From the ¹Center for Clinical Research and the Departments of ²Ophthalmology, ³Clinical Chemistry, and ⁷Pathology, Oslo University Hospital, Ulleval, University of Oslo, Oslo, Norway; the ⁴Institut Universitari Barraquer/Universitat Autonoma de Barcelona, Barcelona, Spain; the ⁵Laboratory of Metabolism, National Cancer Institute, National Institutes of Health, Frederick, Maryland; and the ⁶Department of Oral Biology, Faculty of Dentistry, University of Oslo, Oslo, Norway.

Corresponding author: Sten Raeder, Center for Clinical Research, University of Oslo, Oslo University Hospital, Ulleval, Kirkeveien 166, 0407 Oslo, Norway; sten.rader{at}medisin.uio.no.

Purpose. To investigate whether human limbal epithelial cells (HLECs) derived from various regions of the limbus exhibit differences in gene expression and epithelial characteristics.

Methods. HLECs were derived from explants taken from the superior, nasal, inferior, and temporal limbus and cultured for 21 days. Whole genome transcript profiling was performed with a gene microarray. The microarray results were validated by using RT-PCR. Epithelial morphology was studied with light microscopy and transmission electron microscopy, and phenotype was evaluated by immunohistochemistry.

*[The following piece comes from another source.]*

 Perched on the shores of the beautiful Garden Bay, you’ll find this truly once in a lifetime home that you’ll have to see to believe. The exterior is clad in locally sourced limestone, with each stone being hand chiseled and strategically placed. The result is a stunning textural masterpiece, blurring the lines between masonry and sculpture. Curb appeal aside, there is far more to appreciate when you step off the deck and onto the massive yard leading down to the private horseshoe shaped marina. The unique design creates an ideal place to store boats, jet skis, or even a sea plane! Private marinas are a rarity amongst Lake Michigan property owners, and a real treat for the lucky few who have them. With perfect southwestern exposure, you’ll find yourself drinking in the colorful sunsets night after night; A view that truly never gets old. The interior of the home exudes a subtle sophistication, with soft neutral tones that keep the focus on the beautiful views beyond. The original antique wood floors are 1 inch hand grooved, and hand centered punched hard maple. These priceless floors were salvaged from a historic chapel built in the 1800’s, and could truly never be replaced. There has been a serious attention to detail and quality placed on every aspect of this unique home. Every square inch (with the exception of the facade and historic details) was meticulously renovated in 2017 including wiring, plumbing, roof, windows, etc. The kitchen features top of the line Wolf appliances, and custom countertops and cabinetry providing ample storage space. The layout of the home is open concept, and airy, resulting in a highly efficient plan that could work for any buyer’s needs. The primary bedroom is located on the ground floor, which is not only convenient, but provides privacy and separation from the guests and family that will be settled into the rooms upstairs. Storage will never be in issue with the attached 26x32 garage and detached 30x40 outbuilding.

Results. Epithelial outgrowth was present in most cultures of superior origin (88%) in contrast to cultures of temporal origin (38%). The epithelial thickness and number of cell layers were significantly greater in cultures of superior origin than in cultures from inferior and temporal areas. TRIM36, OSR2, and RHOU, which are involved in morphogenesis, were significantly differentially expressed in the superior region, compared with the other regions. Proposed limbal stem cell, progenitor, and differentiation markers were not differentially expressed. The uniform gene expression of ocular surface markers correlated with homogeneous immunostaining of corresponding protein markers in HLEC cultures from all regions, demonstrating an undifferentiated phenotype (p63⁺, Np63⁺, ABCG2⁺, K19⁺, vimentin⁺, integrin β1⁺, nestin^–, K3^–, K5⁺, and E-cadherin⁺).

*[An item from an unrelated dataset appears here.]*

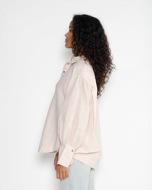 Une chemise nude intemporelle qui est une pièce indispensable, facile à assortir avec vos autres pièces de votre dressing. La coupe est ample avec les manches resserrées au niveau des poignets, ce qui rend la manche bouffante.

Conclusions. No major transcriptional or phenotypic differences were observed in cultured HLECs derived from different regions of the limbus. However, explants of superior origin demonstrated the highest outgrowth success rate and generated epithelia with greater epithelial thickness and number of cell layers, which may prove useful for transplantation purposes.